The parties could not agree on the payment of plaintiff’s attorney’s fees, and Smith moved for fees before the district court pursuant to 29 U.S.C. § 1132(g)(1). His motion was denied and he appeals. Smith also seeks fees and costs for this appeal.
ERISA provides that “the court in its discretion may allow a reasonable attorney’s fee and costs of action to either party.” § 502(g)(1), 29 U.S.C. § 1132(g)(1). A decision denying fees will be set aside if the district court (1) abused its discretion, Hummell v. S.E. Rykoff & Co., 634 F.2d 446, 452 (9th Cir. 1980); (2) failed to state the reasons for its decision, id. at 452-53; or (3) used incorrect legal standards to reach its decision. Lummi Indian Tribe v. Oltman, 720 F.2d 1124, 1125 (9th Cir.1983). If the district court fails to state the reasons for its decision a remand for a statement of reasons may be necessary. Hummell, 634 F.2d at 452-53.

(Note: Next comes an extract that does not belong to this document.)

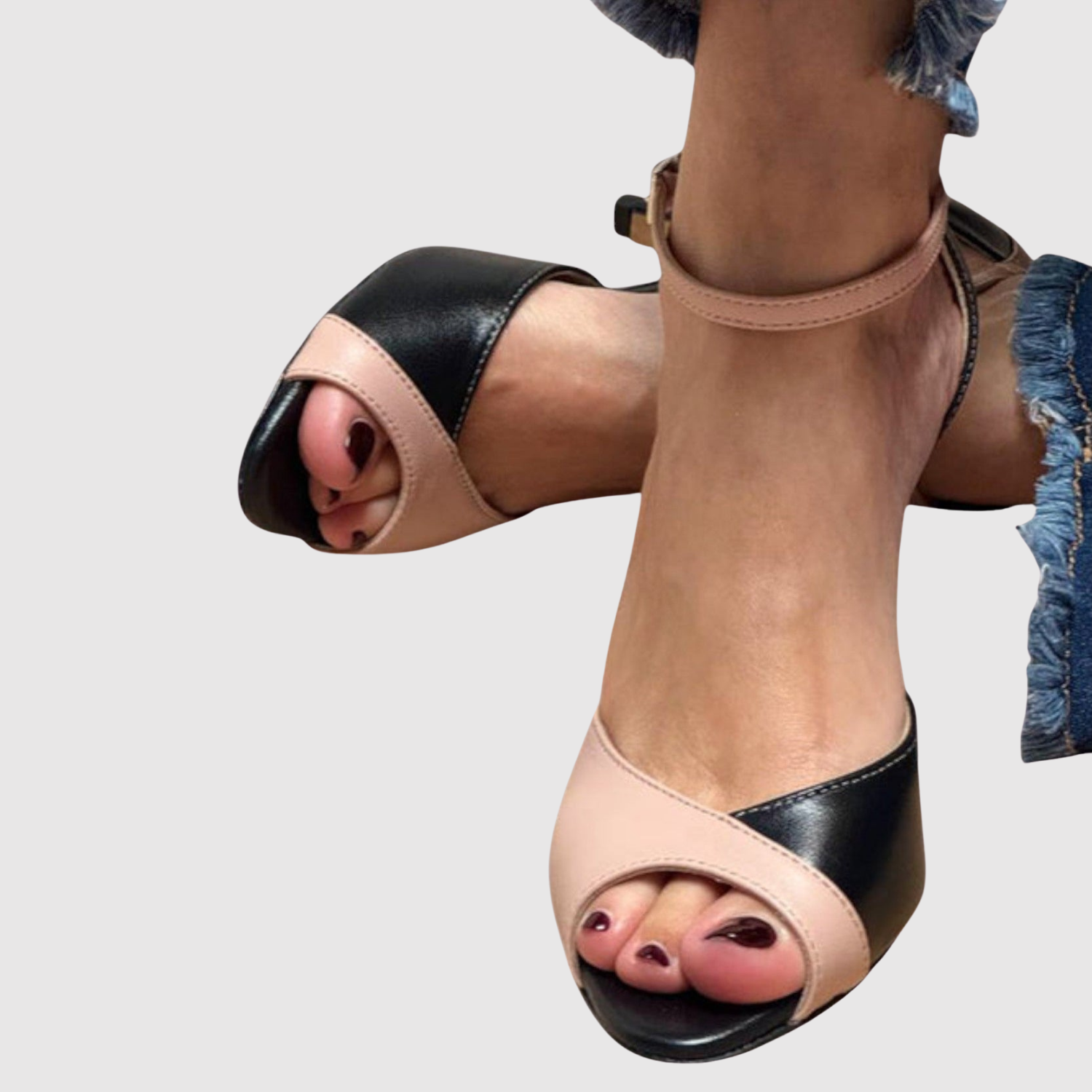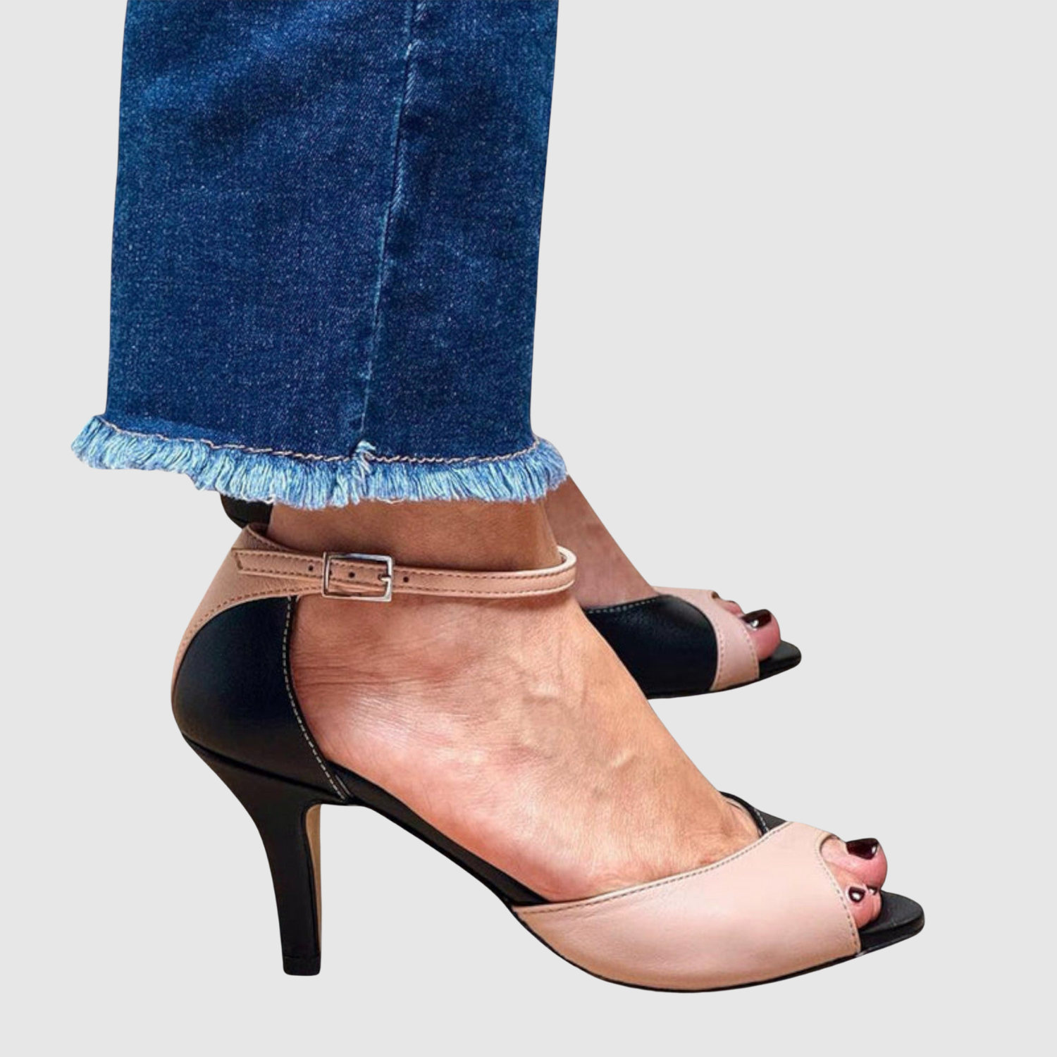 Тези сандали комбинират изискано двуцветно дизайнерско решение с женствен вид с отворени пръсти. Регулируемата лента около глезена осигурява стабилност, докато меката стелка предлага комфорт през целия ден. С елегантен ток, те са идеални както за офис, така и за вечерни събития, където стилът и увереността са в центъра на вниманието.

In support of its decision, the district court recited the factors this court listed in Hummell, 634 F.2d at 453, as necessary to consider when a motion for attorney’s fees under ERISA is denied. We hold that the district court abused its discretion, however, by misapplying the factors.

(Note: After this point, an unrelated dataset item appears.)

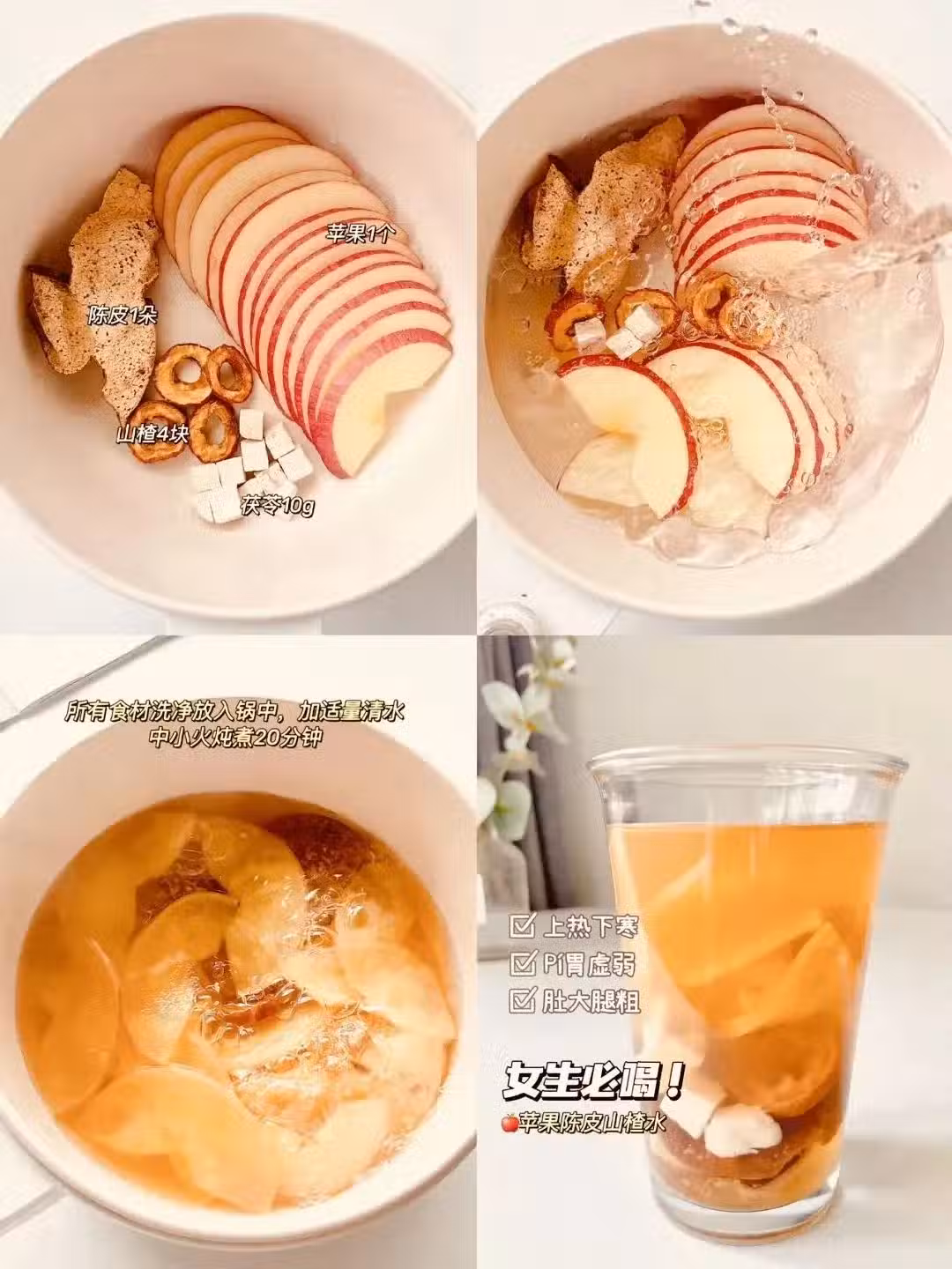 煮制後的蘋果,其膳食纖維得到軟化,更易於消化和吸收。這些食材的組合,能有效潤腸通便,幫助消化,非常適合那些經常感到腹脹和消化不良的姐妹們飲用!快來試試吧!

ERISA, like the Civil Rights Acts of 1871 and 1964, and the Labor-Management Reporting and Disclosure Act, is remedial legislation which should be liberally construed in favor of protecting participants in employee benefits plans. Section 502(g)(1), 29 U.S.C. § 1132(g)(1), authorizes the court to award attorney fees. This section “should be read broadly to mean that a plan participant or beneficiary, if he prevails in his suit under § 1132 to enforce his rights under his plan, ‘should ordinarily recover an attorney’s fee unless special circumstances would render such an award unjust.’ ” Landro v. Glendenning Motorways, Inc., 625 F.2d 1344, 1356 (8th Cir. 1980) (quoting Newman v. Piggie Park Enterprises, 390 U.S. 400, 402, 88 S.Ct. 964, 966, 19 L.Ed.2d 1263 (1968)).
As in cases involving section 1988 awards, see Hensley v. Eckerhart, 461 U.S. 424,103 S.Ct. 1933, 76 L.Ed.2d 40, a district court considering a motion for attorney’s fees under ERISA should apply its discretion consistent with the purposes of ERI-SA, those purposes being to protect employee rights and to secure effective access to federal courts. See 29 U.S.C. § 1001(b); S.Rep. No. 93-127, reprinted in 1974 U.S. Code Cong. & Ad.News, 4639, 4838, 4871. As a general rule, ERISA employee plaintiffs should be entitled to a reasonable attorney’s fee “if they succeed on any significant issue in litigation which achieves some of the benefit the parties sought in bringing suit.” Hensley v. Eckerhart, 461 U.S. at 433, 103 S.Ct. at 1939, 76 L.Ed.2d at 50 (quoting Nadeau v. Helgemoe, 581 F.2d 275, 278-79 (1st Cir.1978)). See Lummi Indian Tribe, 720 F.2d at 1125. See also Central States Southeast v. Hitchings Trucking, 492 F.Supp. 906, 909 (E.D.Mich. 1980).
In this case although the district court used the five factors listed in Hummell, 634 F.2d at 453, it did not have the remedial purposes of ERISA in mind. The underlying purposes of ERISA are to protect the interests of participants in employee benefit plans. An important aspect of that protection is to afford them effective access to federal courts. 29 U.S.C. § 1001(b).
*590The five Hummell factors are:
(1) the degree of the opposing parties’ culpability or bad faith; (2) the ability of the opposing parties to satisfy an award of fees; (3) whether an award of fees against the opposing parties would deter others from acting in similar circumstances; (4) whether the parties requesting fees sought to benefit all participants and beneficiaries of an ERISA plan or to resolve a significant legal question regarding ERISA; and (5) the relative merits of the parties’ positions.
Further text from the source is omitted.